Package org.apache.jute
Hadoop record I/O contains classes and a record description language
translator for simplifying serialization and deserialization of records in a
language-neutral manner.
Introduction
Software systems of any significant complexity require mechanisms for data interchange with the outside world. These interchanges typically involve the marshaling and unmarshaling of logical units of data to and from data streams (files, network connections, memory buffers etc.). Applications usually have some code for serializing and deserializing the data types that they manipulate embedded in them. The work of serialization has several features that make automatic code generation for it worthwhile. Given a particular output encoding (binary, XML, etc.), serialization of primitive types and simple compositions of primitives (structs, vectors etc.) is a very mechanical task. Manually written serialization code can be susceptible to bugs especially when records have a large number of fields or a record definition changes between software versions. Lastly, it can be very useful for applications written in different programming languages to be able to share and interchange data. This can be made a lot easier by describing the data records manipulated by these applications in a language agnostic manner and using the descriptions to derive implementations of serialization in multiple target languages. This document describes Hadoop Record I/O, a mechanism that is aimed at- enabling the specification of simple serializable data types (records)
- enabling the generation of code in multiple target languages for marshaling and unmarshaling such types
- providing target language specific support that will enable application programmers to incorporate generated code into their applications
Goals
- Support for commonly used primitive types. Hadoop should include as primitives commonly used builtin types from programming languages we intend to support.
- Support for common data compositions (including recursive compositions). Hadoop should support widely used composite types such as structs and vectors.
- Code generation in multiple target languages. Hadoop should be capable of generating serialization code in multiple target languages and should be easily extensible to new target languages. The initial target languages are C++ and Java.
- Support for generated target languages. Hadooop should include support in the form of headers, libraries, packages for supported target languages that enable easy inclusion and use of generated code in applications.
- Support for multiple output encodings. Candidates include packed binary, comma-separated text, XML etc.
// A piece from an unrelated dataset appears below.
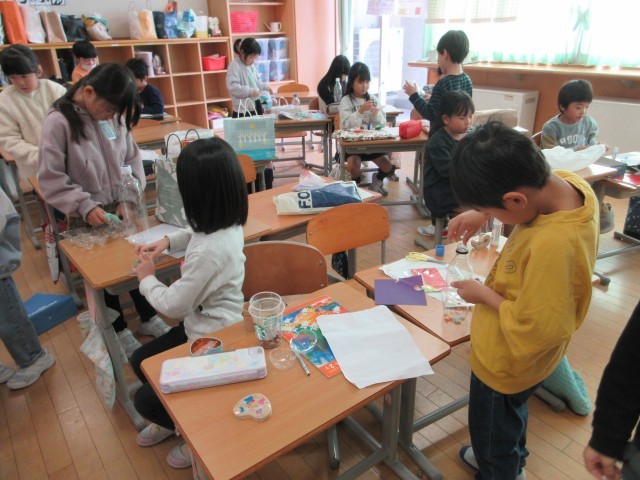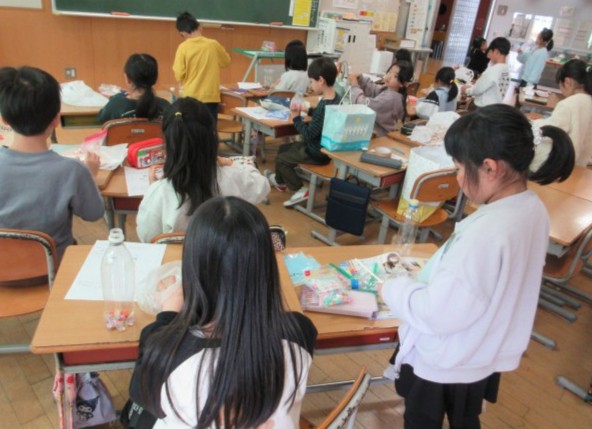 図画工作科「音づくりフレンズ」の学習では、材料をたたいたり振ったりして、お気に入りの音を見つけました。そして、音に合う形や色を考えて、作品をつくりました。鳴らし方を工夫していろいろな音を見つけ、音を楽しみながらつくっていました。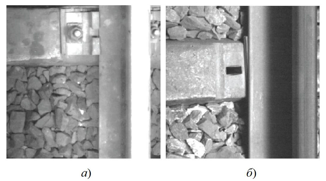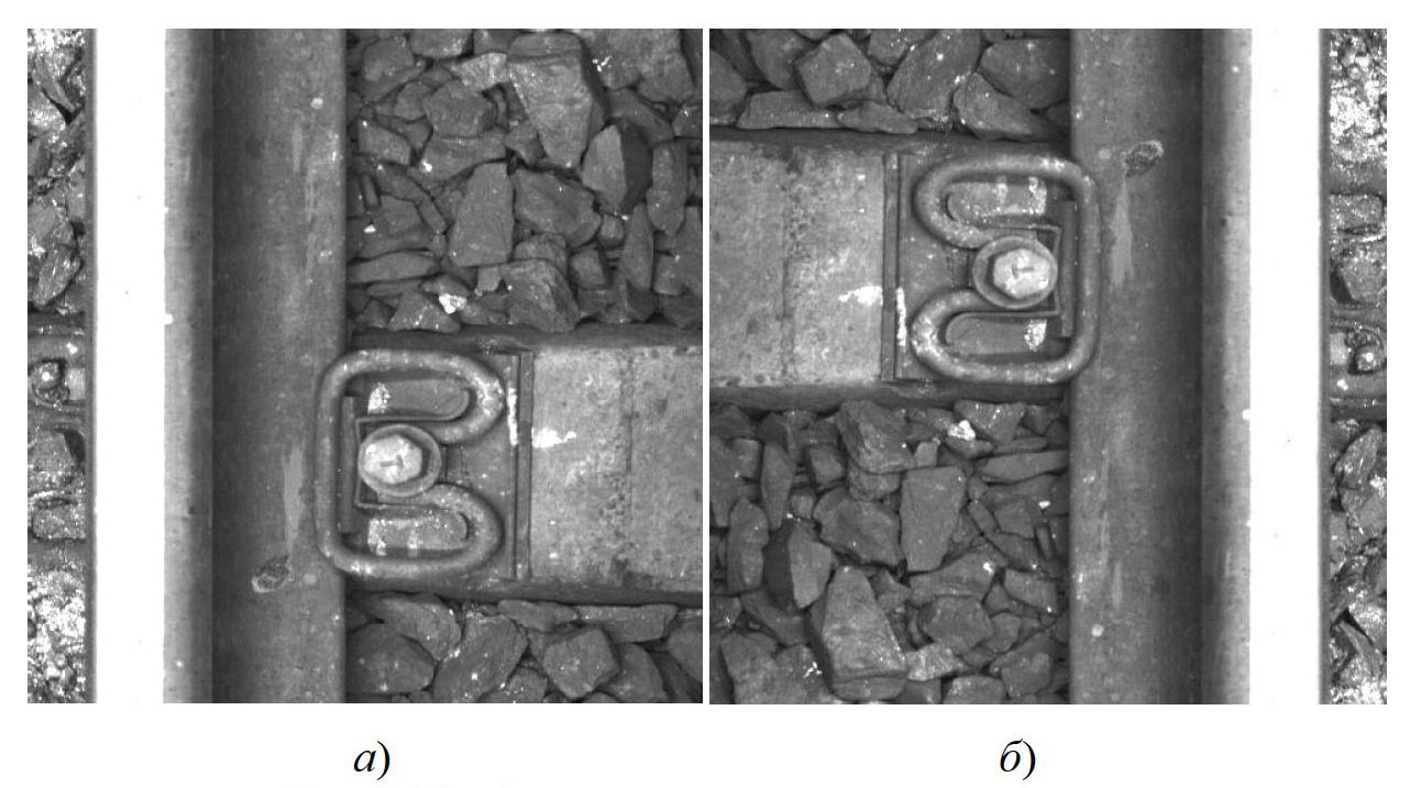 Рис. 1. Дефекты рельсовых скреплений: а – скрепление КБ с отсутствующей клеммой; б – изображение полностью отсутствующего скрепления

- Support for specifying record types in a backwards/forwards compatible manner. This will probably be in the form of support for optional fields in records. This version of the document does not include a description of the planned mechanism, we intend to include it in the next iteration.
Non-Goals
- Serializing existing arbitrary C++ classes.
- Serializing complex data structures such as trees, linked lists etc.
- Built-in indexing schemes, compression, or check-sums.
- Dynamic construction of objects from an XML schema.
Data Types and Streams
This section describes the primitive and composite types supported by Hadoop. We aim to support a set of types that can be used to simply and efficiently express a wide range of record types in different programming languages.Primitive Types
For the most part, the primitive types of Hadoop map directly to primitive types in high level programming languages. Special cases are the ustring (a Unicode string) and buffer types, which we believe find wide use and which are usually implemented in library code and not available as language built-ins. Hadoop also supplies these via library code when a target language built-in is not present and there is no widely adopted "standard" implementation. The complete list of primitive types is:- byte: An 8-bit unsigned integer.
- boolean: A boolean value.
- int: A 32-bit signed integer.
- long: A 64-bit signed integer.
- float: A single precision floating point number as described by IEEE-754.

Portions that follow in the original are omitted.